The practical solution: generate JSON with constraints, then convert:
import json
import yaml
# Get guaranteed-valid JSON from Ollama
json_data = json.loads(response.message.content)
# Convert to YAML if that's what your pipeline needs
yaml_output = yaml.dump(json_data, default_flow_style=False)
Models are also better at JSON than YAML because there’s more JSON in training data and JSON has simpler syntax rules (brackets vs. indentation). Stick with JSON for LLM output.
Practical Tips
Set temperature to 0 for structured output. Higher temperatures increase randomness, which means more creative interpretations of your schema. For data extraction and classification, you want deterministic output.

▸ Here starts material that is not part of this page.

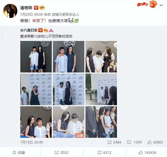 包括像今年七月的时候,他转发过董洁带孩子参加活动的微博,还说了一番感谢的话。

curl http://localhost:11434/api/chat \
-d '{
"model": "qwen2.5:14b",
"messages": [{"role": "user", "content": "..."}],
"format": {"type": "object", "properties": {...}},
"options": {"temperature": 0}
}'
Include an example in your prompt for complex schemas. The model doesn’t see the JSON schema from the format parameter — it only constrains the output tokens. Put an example of what you want in the prompt:
Extract product info. Example output:
{"name": "RTX 3090", "price": 750, "condition": "used", "in_stock": true}
Now extract from: "We have a brand new 4090 for $1599"
Use Pydantic’s .model_json_schema() everywhere. Define your schema once as a Pydantic model, then use it for Ollama’s format, for Instructor’s response_model, and for your own validation. One source of truth.
Always validate, even with constraints. Grammar constraints guarantee valid syntax but not valid content. The JSON will parse, but the values might be hallucinated. Validate that extracted data makes sense for your use case.
For small models, always use constraints. Models under 7B are unreliable at producing valid JSON through prompting alone. With Ollama’s format parameter, even a 3B model produces perfectly valid JSON every time.
The Bottom Line
Use Ollama’s format parameter with a JSON schema for most structured output needs. It’s the easiest method, works with any model Ollama supports, and guarantees valid output. For Python pipelines that need Pydantic integration, add Instructor for Ollama or Outlines for Hugging Face/vLLM backends.
Don’t rely on prompting alone unless you’re using a strong model (Qwen 2.5 14B+) and have validation and retry logic. For anything in an automated pipeline, grammar constraints eliminate an entire category of bugs.
The models keep getting better at native JSON — Qwen 2.5 specifically targeted this — but constraints are cheap insurance. A 30-50% speed hit is nothing compared to a pipeline failure at 3 AM because the model decided to add a friendly explanation before the JSON.